In the case of the left shift used in this assignment, if the shift is less than 32, it means the bits will move to the lower bits of the upper half of the registers. Therefore, reverse shifting is performed to the correct position, and then the or operation is used to set the bits in the upper half of the registers.

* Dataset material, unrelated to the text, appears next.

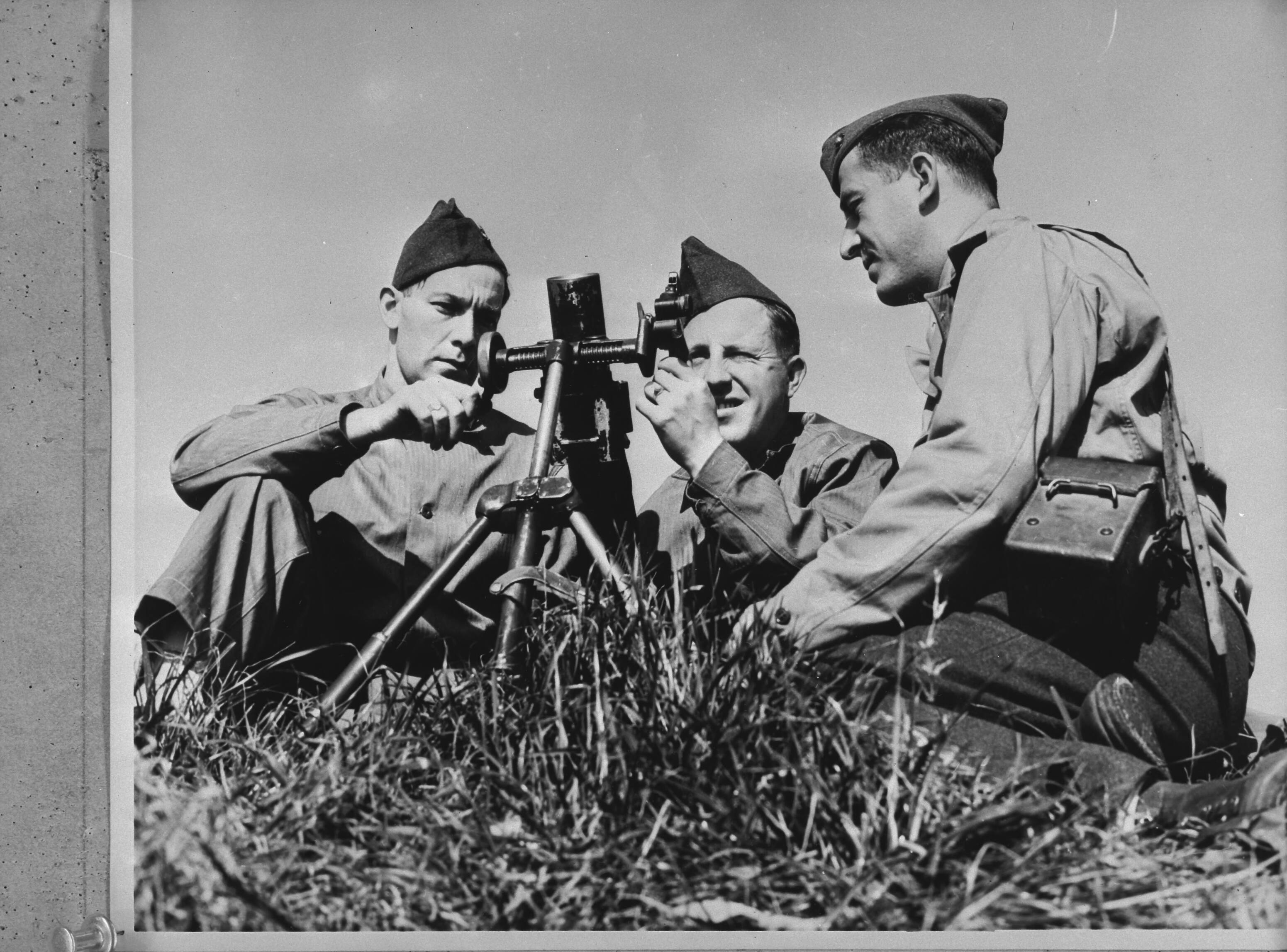 Serie Training in Camp Lejeune voor Nederlandse mariniers. Twee Nederlandse mariniers bezig met een 60mm mortier, toegekeken door hun instructeur sergeant Benjamin F. Morgan

When the shift is greater than or equal to 32, it means the bits will move to the higher bits of the upper half of the registers. In this case, the shift direction aligns with the original operation, but it needs to subtract 32 to obtain the correct bits. These corrected bits are then directly assigned to the upper half of the registers, and the lower half is set to zero.
```rv32
li a3, 32
bge a2, a3, ge32
# lt32
sub a3, a3, a2
sll a0, a0, a2
srl t0, a1, a3
sll a1, a1, a2
or a0, a0, t0
j merged
ge32:
sub a3, a2, a3
sll a1, a1, a3
mv a0, a1
li a1, 0
```
#### Result
Since ripes doesn't provide output for 64-bit integers and 64-bit floating-point numbers, it's necessary to inspect the values in registers to verify the results.
The results are stored in two registers, with `a0` holding the upper half and `a1` holding the lower half.

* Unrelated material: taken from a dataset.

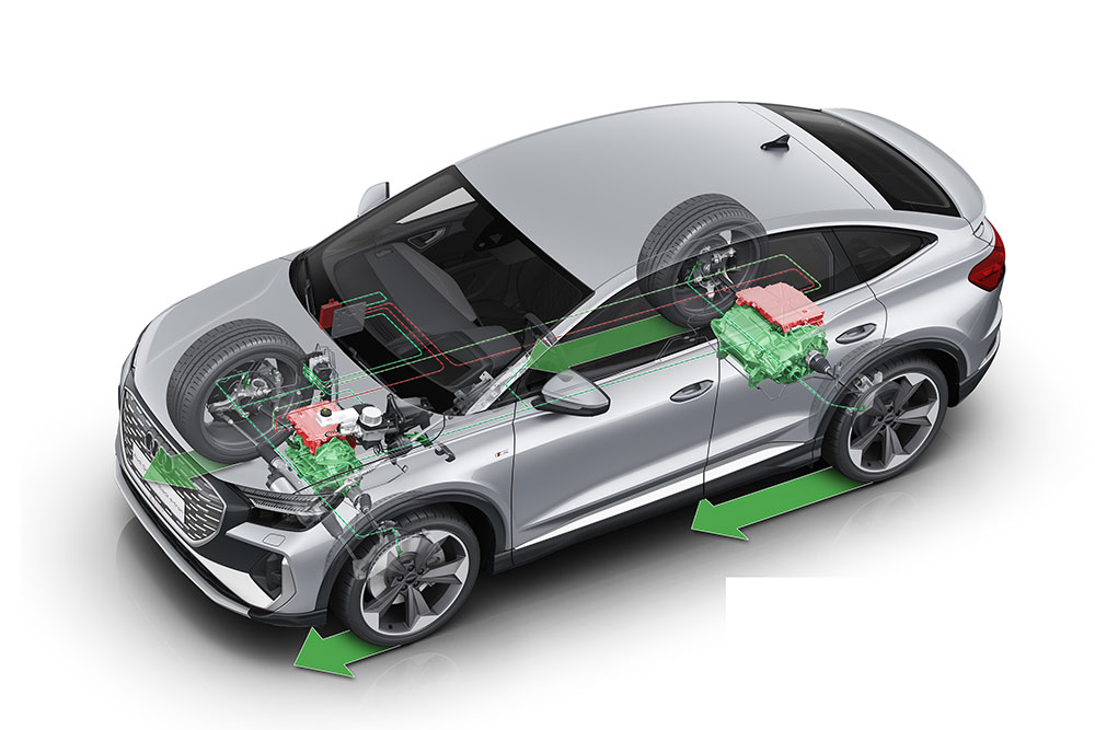 Πάμε τώρα στο ζουμί της υποθέσεως που αφορά τα ηλεκτρικά κινητήρια σύνολα των εντυπωσιακών Audi. Και για τους δύο τύπους αμαξωμάτων, η γερμανική μάρκα προσφέρει δύο εκδόσεις μπαταρίας και τρεις εκδόσεις ισχύος. Η μπαταρία με 9 κυψέλες για το Q4 35 e-tron έχει καθαρή ενεργειακή χωρητικότητα 52 kWh, ενώ η μεγαλύτερη μπαταρία στα Q4 40 e-tron και Q4 50 e-tron quattro έχει 12 κυψέλες και χωρητικότητα 77 kWh. Το Q4 35 e–tron και το Q4 40 e–tron έχουν έναν ηλεκτροκινητήρα που κινεί τους πίσω τροχούς, με ισχύ 170 ίππων και 204 ίππων αντίστοιχα. Η κορυφαία έκδοση Q4 50 e-tron quattro έχει δύο ηλεκτροκινητήρες για την ηλεκτρική τετρακίνηση quattro. Προσφέρουν μέγιστη ισχύ 299 ίππων, η οποία εξασφαλίζει επιτάχυνση 0-100 χλμ./ώρα σε 6,2 δευτερόλεπτα και ηλεκτρονικά περιορισμένη τελική ταχύτητα 180 χλμ./ώρα. Για μεγαλύτερο βαθμό ενεργειακής απόδοσης, ο κινητήρας στον μπροστινό άξονα ενεργοποιείται μόνο όταν απαιτείται υψηλή ισχύς ή ισχυρή πρόσφυση. Ένας άλλος σημαντικός παράγοντας στην εξοικονόμηση ενέργειας κατά την οδήγηση είναι η έξυπνη ανάκτηση, η οποία ενσωματώνει επίσης πλοήγηση και τοπογραφικά δεδομένα. Η προαιρετική αντλία θερμότητας χρησιμοποιεί την απορριπτόμενη θερμότητα από τις μονάδες υψηλής τάσης και τον αέρα περιβάλλοντος για τον έλεγχο του κλίματος στο εσωτερικό. Αυτό συμβάλλει στην αύξηση του βαθμού ενεργειακής απόδοσης, ειδικά σε μεγαλύτερες διαδρομές. Σε ότι αφορά την αυτονομία τώρα, αυτή μπορεί να αγγίξει τα 520 χλμ. κατά WLTP.

Here are two tools for quick format conversion. The [Hexadecimal to Decimal converter](https://www.rapidtables.com/convert/number/hex-to-decimal.html) is used to obtain the decimal representation, while [FractionConvert](https://www.toolhelper.cn/Digit/FractionConvert) provides the IEEE 754 standard representation.
To have a clear comparison of results, I've stored the input values in s0 and s1 registers.
```rv32
# test case
0xBBFFFFFFFF = 0x42677FFFFFFFE000 (IEEE 754)
0x84f2 = 0x40E09E4000000000 (IEEE 754)
0x11 = 4031000000000000 (IEEE 754)
```
* num1

* num2

* num3

#### Analysis
Comparing the execution results of different test cases, it can be observed that for larger values, the performance of conversion based on clz is inferior to the naive approach. However, for smaller values, it outperforms the naive conversion, and the performance difference becomes more pronounced as the values decrease.
The main difference lies in the fact that the clz method can obtain the shifts value in a fixed number of cycles, while the naive approach involves iterative calculations, leading to an increase in iterations as the values decrease.
* 0xBBFFFFFFFF
| | itof_clz | itof |
|:-------------- |:--------:|:-----:|
| cycles | 234 | 156 |
| Insrs: retired | 182 | 111 |
| CPI | 1.29 | 1.41 |
| IPC | 0.774 | 0.712 |
* 0x84f2
| | itof_clz | itof |
|:-------------- |:--------:|:----:|
| cycles | 234 | 342 |
| Insrs: retired | 181 | 253 |
| CPI | 1.29 | 1.35 |
| IPC | 0.774 | 0.74 |
* 0x11
| | itof_clz | itof |
|:-------------- |:--------:|:-----:|
| cycles | 234 | 430 |
| Insrs: retired | 181 | 319 |
| CPI | 1.29 | 1.35 |
| IPC | 0.774 | 0.742 |
## Summarize
Thanks to `population count`, we were able to achieve constant time complexity for CLZ.
In this assignment, we leveraged this optimization to improve the conversion from integers to floating-point numbers.